В тот же день, не выдержав мук совести, Маша пересказала Успенскому политэкономшину тираду. Свои собственные высказывания она постаралась передать помягче, боясь его справедливого гнева. Однако Георгий Александрович лишь пожимал плечами - до того момента, когда Маша дошла до разложения. В ее пересказе это слово, употребленное Сухих, никак не выбивалось из идеологического контекста, однако у Машиного слушателя оно вызвало волчий восторг: ей показалось, что профессор едва не ухмыльнулся во всю пасть. "Вы тоже считаете, что я затеял все это, чтобы вас разложить?" - он спросил, остановив глаза на Машиных, и, теряясь, потому что не знала, что ответить, она глядела на ободок, занявшийся желтым пламенем. Сомкнув дрогнувшие пальцы, Маша видела, как его зрачок вспыхивает, но не становится приглушенным. Глаз, слегка перетянутый на сторону, совладал с собою первым, и, улыбнувшись как ни в чем не бывало, профессор посоветовал Маше не связываться с сумасшедшими бабами. "Вы с ней знакомы?" - с огромным облегчением Маша меняла тему. "Нет, но могу себе представить. Как вы говорите, Сухих? Вот-вот, по фамилии и бытие".

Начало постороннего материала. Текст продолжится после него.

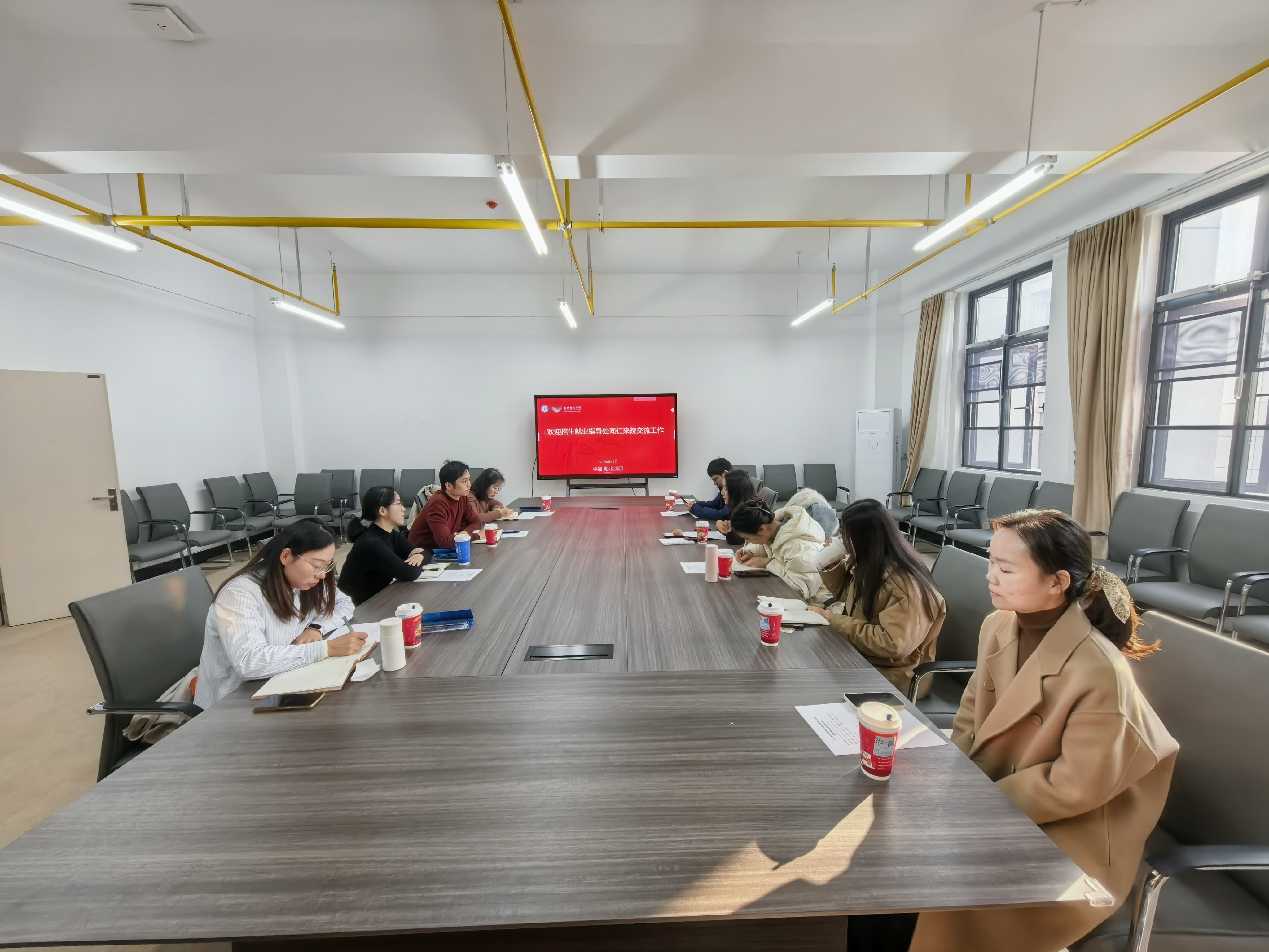 12月19日上午,招生与就业指导处副处长李俊杰、就业指导中心主任刘晶晶、老员工职业生涯规划教研室主任于姗姗、大...

Этот разговор заставил вспомнить декана, но пугающая улыбка снова стушевалась и не приходила на память до самой весны, когда случился разговор, поразивший Машу. В тот день она явилась на дополнительные как обычно, но застала Успенского в одиночестве. Ни в преподавательской, ни за чайной загородкой никого не было. Конечно, Маша не посмела спросить про Зинаиду, но заметила, что в ее отсутствие Георгий Александрович вел себя по-особому: она подумала - свободно. Эта свобода, никак не выражавшая себя внешне, ускользнула бы от глаз постороннего, однако Машин взгляд легко различил изменившуюся повадку. Обыкновенно, даже разговаривая с Машей, профессор прислушивался к движению в преподавательской, как будто всегда был готов к тому, что кто-то войдет. Теперь его слух был повернут внутрь, и, сидя напротив, Маша думала о том, что дело - в нахальной Зинаиде. В остальном Успенский держал себя как обычно: не заглядывая в конспекты, он разъяснял очередной блок формул, но, дисциплинированно записывая с голоса, Маша не могла избавиться от мысли, что голос его звучит отдельно от дум. Время от времени по лицу Георгия Александровича пробегала тень, и всякий раз он замолкал на полуслове, словно терял нить. "Вы плохо себя чувствуете?" - Маша решилась спросить. В ее вопросе не было ничего, кроме заботы, он мог ответить "нет", и тогда она не посмела бы продолжить, но профессор кивнул и распахнул ящик стола. Початая водочная бутылка поднялась на поверхность. Отвернув крышку, Успенский плеснул в пустой стакан и выпил. Пустая бутылка канула в глубину, и, проследив взглядом, Маша подумала о том, что нужно подняться и выйти, но что-то удерживало, не давало встать с места.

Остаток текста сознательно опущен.